Iran will have to offer lucrative contracts terms to draw back international oil companies at a time when the oil industry is more focused on profitability as it gears up for a longer period of low oil prices, executives said on Tuesday.
Iran said in September it had approved a draft of international oil and gas contracts to attract foreign investors and oil buyers once international sanctions are lifted but has not provided details so far.
The OPEC member will announce new oil and gas contracts at conferences in Tehran and London on Nov. 21-22 and Feb. 22-24 respectively.
"It is not only questions of resources or opportunities, it is a question of profits," Total's chief executive Patrick Pouyanne told a conference in Abu Dhabi, capital of the United Arab Emirates.
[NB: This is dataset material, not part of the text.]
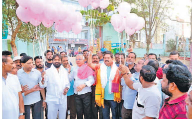
పింక్ కలర్ బెల్టాన్స్ ఎగరవేస్తున్న మాజీ మంత్రి శ్రీనివాస్ గౌడ్, ఎంపీ మన్నె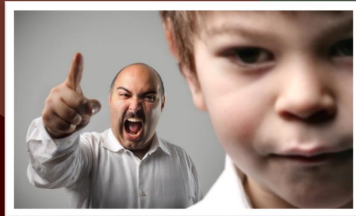
No más padres tóxicos

"We will be well positioned to look at opportunities in gas, oil, petrochemicals and marketing. But all that is subject to good contractual conditions, so we will see."
Pouyanne said Total was likely to attend the Tehran conference where the oil ministry will reveal the framework of the contracts.
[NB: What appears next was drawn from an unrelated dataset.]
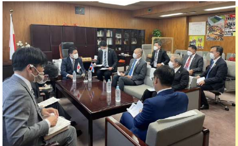
การหารือระหว่าง ดร.เฉลิมชัย ศรีอ่อน รมว.กษ. กับนายอัทสึชิ โนโมกะ รมช. กระทรวงเกษตร ป่าไม้ และประมงญี่ปุ่น

ณ กรุงเทพฯ และเป็นโอกาสอันดีที่จะหารือและรับฟัง รวมทั้งจะเปิดโอกาสให้ภาคเอกชนของไทยและญี่ปุ่น ชี้แจงและให้ข้อเสนอแนะต่อภาครัฐ เพื่อส่งเสริมและอำนวยความสะดวกด้านการค้าระหว่างสองประเทศ และ 3) เร่งรัดกระบวนการพิจารณาการเปลี่ยนแปลงเงื่อนไขการนำเข้ามังคุดของไทยและส้มของญี่ปุ่น และการเปิดตลาดสินค้าเกษตรรายการใหม่ ได้แก่ ส้มโอพันธุ์ขาวน้ำผึ้งของไทยและข้าวกล้องของญี่ปุ่น เพื่อให้ทั้งสองประเทศได้มีการนำเข้าสินค้าเกษตรได้ง่ายและมีความหลากหลายมากขึ้น และเกิดความสัมพันธ์แบบ Win-Win กับทั้งสองฝ่าย

Iran said the new ones would be a major improvement not only on the so-called buy-back contracts but also on those that neighbor Iraq offered to foreign oil companies in 2009-2010.
Oil majors have said they would return to Iran if it made big improvements to the pre-sanction buy-back contracts, which some foreign companies complain made them no money or even incurred losses.
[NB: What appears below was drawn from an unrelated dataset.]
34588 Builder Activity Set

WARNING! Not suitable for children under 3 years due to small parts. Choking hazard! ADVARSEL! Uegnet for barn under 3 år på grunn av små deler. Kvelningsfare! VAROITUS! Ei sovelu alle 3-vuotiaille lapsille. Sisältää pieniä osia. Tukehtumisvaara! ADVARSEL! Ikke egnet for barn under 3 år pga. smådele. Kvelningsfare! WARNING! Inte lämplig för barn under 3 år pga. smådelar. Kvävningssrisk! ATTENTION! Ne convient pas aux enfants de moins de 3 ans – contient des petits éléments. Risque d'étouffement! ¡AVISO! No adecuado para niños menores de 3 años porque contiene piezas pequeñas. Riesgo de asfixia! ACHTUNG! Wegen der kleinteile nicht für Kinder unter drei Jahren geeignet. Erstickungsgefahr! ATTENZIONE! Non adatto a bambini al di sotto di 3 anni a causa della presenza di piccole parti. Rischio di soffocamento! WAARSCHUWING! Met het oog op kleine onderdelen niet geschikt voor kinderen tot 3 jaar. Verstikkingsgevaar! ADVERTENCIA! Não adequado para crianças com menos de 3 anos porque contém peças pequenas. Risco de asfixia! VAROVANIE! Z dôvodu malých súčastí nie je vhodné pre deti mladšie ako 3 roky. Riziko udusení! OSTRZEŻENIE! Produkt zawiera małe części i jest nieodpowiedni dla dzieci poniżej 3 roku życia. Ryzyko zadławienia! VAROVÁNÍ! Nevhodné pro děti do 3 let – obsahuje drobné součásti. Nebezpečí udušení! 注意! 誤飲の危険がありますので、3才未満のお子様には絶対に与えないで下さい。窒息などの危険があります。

"Today buy-back contracts would not attract anyone for the lack of oil price upside and reservoir upside," Shell's integrated gas director Maarten Wetselaar told a news briefing.
"Iraq would today also struggle to get those contracts away."
Oil companies operating in southern Iraq, such as Shell and Total, have often complained about the tough terms offered by Baghdad as well as security concerns and infrastructure constraints.
"At the moment the industry is more constrained in financial resources rather than opportunity-constrained," Wetselaar said, adding that this had been shown by some recent auctions in places such as Mexico generating tepid interest.
The sanctions have halved Iran's oil exports to around 1.1 million barrels per day from a pre-2012 level of 2.5 million bpd. The loss of oil income has hampered investment in new development and the country has struggled to pay for equipment and services.
Iranian officials say they would be able to raise crude production by 500,000 bpd once sanctions are lifted next year, and another 500,000 bpd few months after that.
But many are skeptical saying Iran would need billions of dollars in investments and the know-how of foreign companies help to boost its production after years of under-investment.
"Iran will probably be able to put in the market 400-500,000 bpd but then after it would take time," said Pouyanne.